> **WORK REQUIRED**:
Give back every line of the material exactly. Skip the pictures.

> **DATASET RECORDS**:
☆ ☆ ☆ ☆ ☆ ☆ ☆

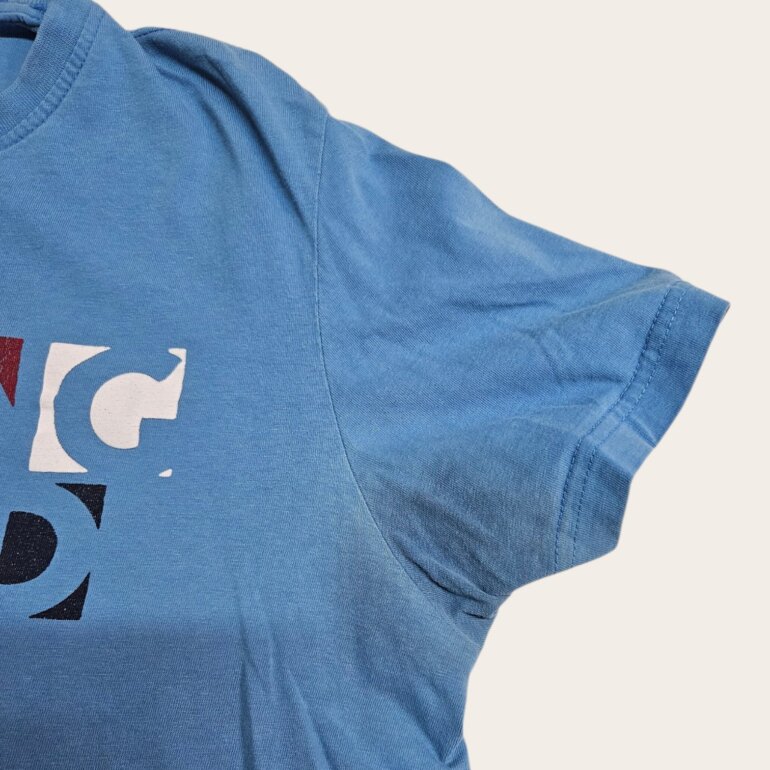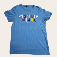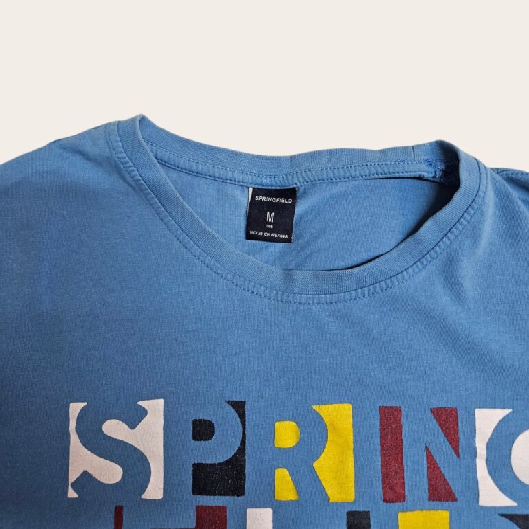 Playera de algodon manga corta MARCA Springfield cuello redondo. No tiene detalles importantes pero es de uso asi que las axilas estan manchadas, supongo puede quitarse .Es talla M de hombre. Es color azul con estampado
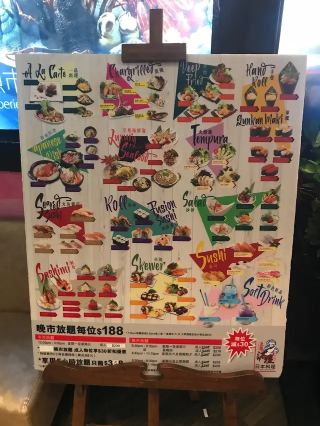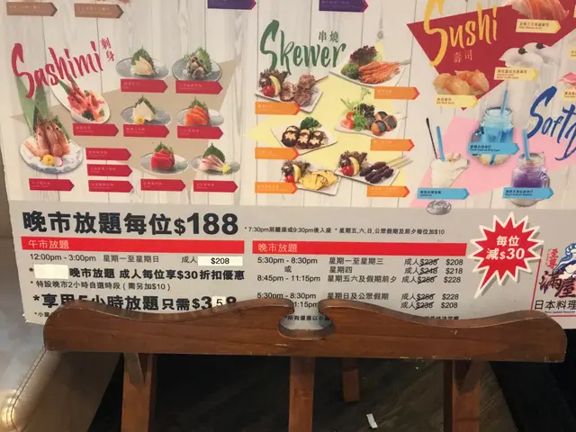我係食中午時段星期一至日都係 $208+10%,而其他時段價錢大家可以睇下以上張圖,晚市都抵食,每人有$30折扣優惠。
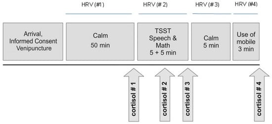 In a previous study, we investigated the HPA axis response 10 and 20 min after mental stress and/or a cell phone call []. However, the HPA axis in parallel with the ANS (HRV) dynamics and complexity during consecutive extrinsic stimuli have not been investigated yet. Furthermore, the effects of low-grade inflammation or baseline circulating cortisol in this situation have not been evaluated either. In this study, we aimed to cover the above stated gaps: to detect not only the HPA axis and ANS dynamics of the acute stress response during consecutive external stimuli, such as a combined mental task and a cellular phone call in childhood and early puberty, but also to examine the possible modulating influence of baseline low-grade inflammation or cortisol on these effects.
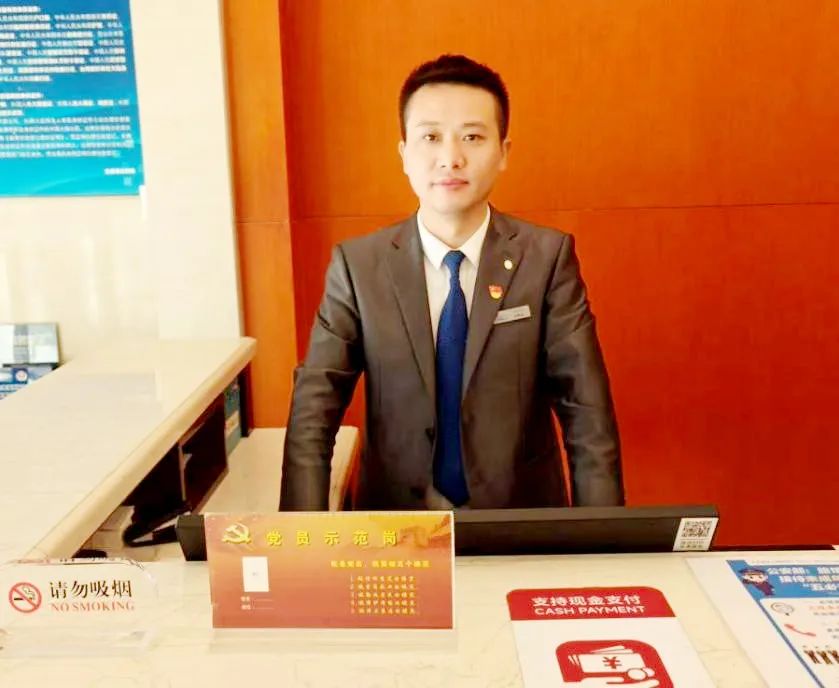 大堂前台接待台醒目的位置,设有“党员先锋岗“的标识,党员佩戴党徽上岗,提醒党员牢记初心、使命和担当;同时,通过党员流动服务岗,树立榜样的作用,提升服务内核。
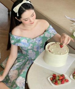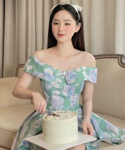 Tên sản phẩm: ĐẦM NỮ KIỂU TRỄ VAI IN HOA 3D CÓ MÚT CÓ LÓT CHẤT COTTON LẠNH T768
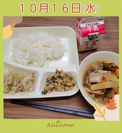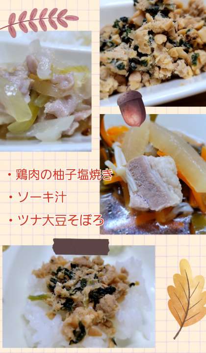 鶏肉のゆず塩焼き 公開日 2024/10/16 更新日 2024/10/16 お知らせ 10月16日(水)給食 『鶏肉のゆず塩焼き』 『ソーキ汁』 『ツナ大豆そぼろ』 鶏肉のゆず塩焼きは、塩と柚子で下味を付けた鶏肉に玉ねぎを加えて蒸し焼きにしています。味の染み込んだ柔らかな鶏肉に玉ねぎの甘味が加わり、美味しい一品となっていました。 ツナ大豆そぼろも、温か御飯にまぶして美味しく頂きました。 いいね(0)
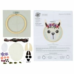 Craft an adorable wall hanging for your child’s play room or nursery or a wonderful handmade gift with this felt hoop kit. A lovely way to relax on a free afternoon or rainy day, just addΒ the tools needed to transform the included materials into a sweet llama face.
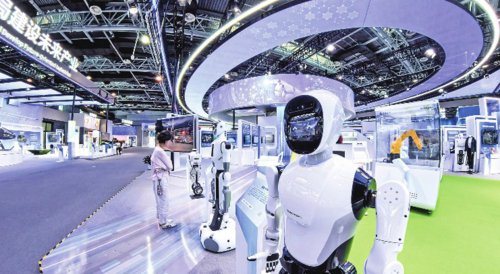 作为中关村乃至全国科技创新成就的缩影,北京中关村国家自主创新示范区展示交易中心让参观者了解中国科技发展现状与未来趋势,感受中国创新脉动的勃勃生机。图为参观者在中关村展示中心参观展出的人形机器人产品。新华社

☆ ☆ ☆ ☆ ☆ ☆ ☆

> **RESULT OF THE TASK**:
 Playera de algodon manga corta MARCA Springfield cuello redondo. No tiene detalles importantes pero es de uso asi que las axilas estan manchadas, supongo puede quitarse .Es talla M de hombre. Es color azul con estampado
我係食中午時段星期一至日都係 $208+10%,而其他時段價錢大家可以睇下以上張圖,晚市都抵食,每人有$30折扣優惠。
 In a previous study, we investigated the HPA axis response 10 and 20 min after mental stress and/or a cell phone call []. However, the HPA axis in parallel with the ANS (HRV) dynamics and complexity during consecutive extrinsic stimuli have not been investigated yet. Furthermore, the effects of low-grade inflammation or baseline circulating cortisol in this situation have not been evaluated either. In this study, we aimed to cover the above stated gaps: to detect not only the HPA axis and ANS dynamics of the acute stress response during consecutive external stimuli, such as a combined mental task and a cellular phone call in childhood and early puberty, but also to examine the possible modulating influence of baseline low-grade inflammation or cortisol on these effects.
 大堂前台接待台醒目的位置,设有“党员先锋岗“的标识,党员佩戴党徽上岗,提醒党员牢记初心、使命和担当;同时,通过党员流动服务岗,树立榜样的作用,提升服务内核。
 Tên sản phẩm: ĐẦM NỮ KIỂU TRỄ VAI IN HOA 3D CÓ MÚT CÓ LÓT CHẤT COTTON LẠNH T768
 鶏肉のゆず塩焼き 公開日 2024/10/16 更新日 2024/10/16 お知らせ 10月16日(水)給食 『鶏肉のゆず塩焼き』 『ソーキ汁』 『ツナ大豆そぼろ』 鶏肉のゆず塩焼きは、塩と柚子で下味を付けた鶏肉に玉ねぎを加えて蒸し焼きにしています。味の染み込んだ柔らかな鶏肉に玉ねぎの甘味が加わり、美味しい一品となっていました。 ツナ大豆そぼろも、温か御飯にまぶして美味しく頂きました。 いいね(0)
 Craft an adorable wall hanging for your child’s play room or nursery or a wonderful handmade gift with this felt hoop kit. A lovely way to relax on a free afternoon or rainy day, just addΒ the tools needed to transform the included materials into a sweet llama face.
 作为中关村乃至全国科技创新成就的缩影,北京中关村国家自主创新示范区展示交易中心让参观者了解中国科技发展现状与未来趋势,感受中国创新脉动的勃勃生机。图为参观者在中关村展示中心参观展出的人形机器人产品。新华社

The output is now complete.